Katie Weinger, EdD, RN,1 Tara MacNeil, HDip,2 and Sheila McMurrich Greenlaw, MD3

1Weinger is associate professor, Department of Psychiatry, at Harvard Medical School, Boston, MA, and an investigator at the Section on Clinical, Behavioral and Outcomes Research, Joslin Diabetes Center, Boston, MA. 2MacNeil is a curriculum developer and research coordinator at the Joslin Diabetes Center, Boston, MA. 3McMurrich Greenlaw practices medicine in Springfield, MA.

Funding for this chapter was provided by the Kathleen P. Walsh Foundation.

Health education involves more than just providing information. Diabetes education is a perfect example. The goal of diabetes education is to help individuals with diabetes live well, thus maximizing health and quality of life while minimizing costs. This goal is met by assisting those with diabetes as they integrate diabetes care into their lifestyles and, when necessary, adapt their lifestyles to healthy living guidelines and treatment requirements.

Accordingly, diabetes care and education are built on behavior and lifestyle adjustments—that is, helping to reinforce some behaviors and to change others. Because learning new healthy habits can be slow and frustrating, nurses caring for individuals with diabetes face the important challenge of effectively supporting patients in their efforts to manage their diabetes. This chapter discusses several aspects of behavioral approaches in the treatment of diabetes, including general principles that apply to most interventions and strategies, useful tools and strategies for diabetes and education, four phases of psychological responses to living with diabetes, and examples of validated behavioral programs.

GENERAL PRINCIPLES IMPORTANT TO BEHAVIORAL STRATEGIES FOR DIABETES

Understand That Diabetes Is a Chronic Illness

Diabetes treatment and education do not fit neatly into the acute care model.1 Although acute episodes may arise and need immediate attention, diabetes is primarily a chronic illness that requires lifestyle adjustments and long-term prevention strategies to ensure maintenance of health. Much of the education and training for nurses occurs in hospital environments and is centered on an acute care model. Several general principles, however, may help these health-care professionals make the transition to a chronic care model.

Use Empowerment in Diabetes

Empowerment in diabetes differs from the more community-oriented public health model of empowerment. Empowerment in this case is a more philosophical approach to clinical practice that emphasizes “helping people discover and use their innate abilities to gain mastery over their diabetes.”2 Empowerment means that individuals with diabetes have the tools, such as knowledge, control, resources, and experience, to implement and evaluate their self-management practices.2 Most of the therapeutic communication skills and principles of adult learning described in this chapter are consistent with this philosophy of empowerment.

People with Diabetes Are in Charge of Their Own Care

One of the most important underlying principles of diabetes treatment is that individuals with diabetes, not their health-care teams, should provide the self-care and make the everyday decisions for their diabetes.
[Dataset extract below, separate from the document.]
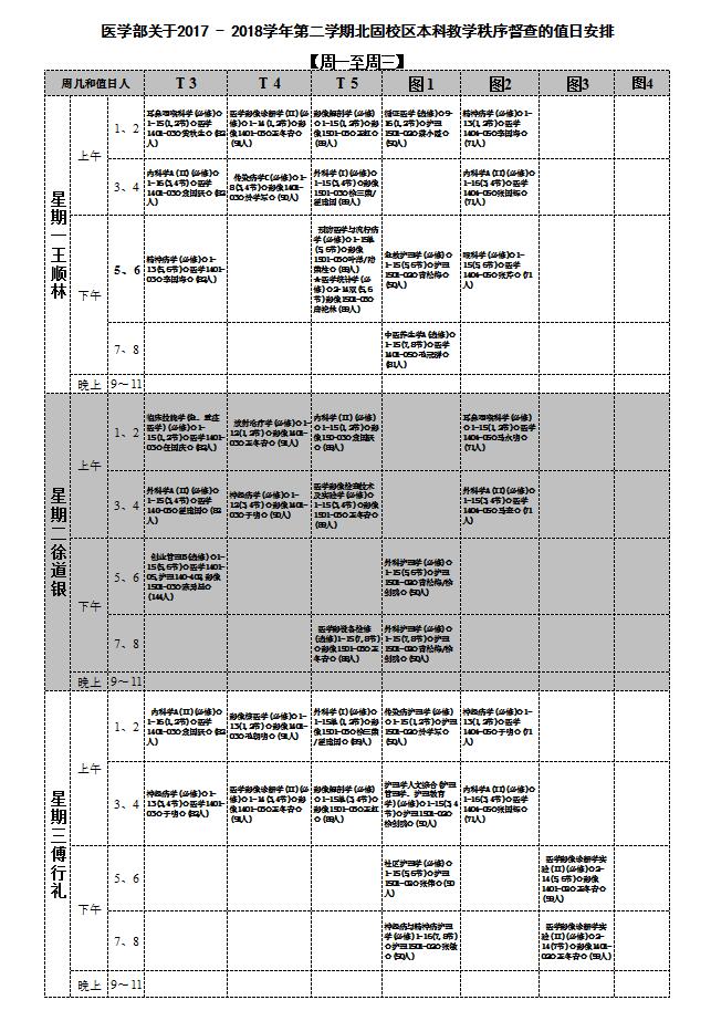 医学部关于2017-2018学年第二学期北固校区本科教学秩序督查的值日安排

Once this fact is accepted, behavioral approaches become logical methods to support patients in their diabetes self-management. Some health-care professionals, particularly those schooled in an acute care approach, may struggle with this concept. Nurses need to conceptualize their role as being one who helps the patient learn to solve problems rather than one who solves problems for the patient.

Health Education, Like Adult Education, Must Be Directly Relevant to the Learner

Nurses must remember that patients are learning about diabetes because they have it. Patients are more likely to remember information that they see as relevant to their situation and that affects how they live, work, play, and relate to others. The key is their perception; information must be presented in such a way that individuals with diabetes can immediately understand how information and recommended self-care tasks apply to them.

Health Literacy

Literacy often is viewed as the ability to read and comprehend and obviously is important in self-management. Health literacy, however, also includes both knowledge and skills, such as basic reading, oral or spoken communication, ability to understand and act upon health-care information, and numeracy skills that may involve calculations or other quantitative skills that are required to function in the health-care system. Even someone who is literate and educated may lack these skills. Successful diabetes self-management includes the ability to understand target ranges of glucose and to make frequent calculations of carbohydrates and insulin doses. Low numeracy skills, however, are common among people with diabetes,3 which could affect self-management and glycemic control. Evidence, indeed, has indicated that low health literacy is associated with an increased incidence of hypoglycemia.4

STRATEGIES AND TOOLS

Orienting Patients to the Health-Care System

Although health-care professionals spend years training for their profession, patients receive no formal instruction in how to be a patient. Being a patient is a distinct and important role that will affect their lives. Over time, patients will develop ideas of their roles based on information from their prior experience, the media, and intended and unintended cues from their health-care providers and support staff. For example, if patients with diabetes have negative experiences when dealing with physicians or nurses, they may “learn” that the health-care team should be contacted only for dire emergencies. Without any guidelines as to when it is appropriate to contact the health-care team, patients may become reluctant to contact the health-care team for help or advice. Therefore, orienting patients to diabetes treatment and providing guidelines on how best to use the health-care team are important.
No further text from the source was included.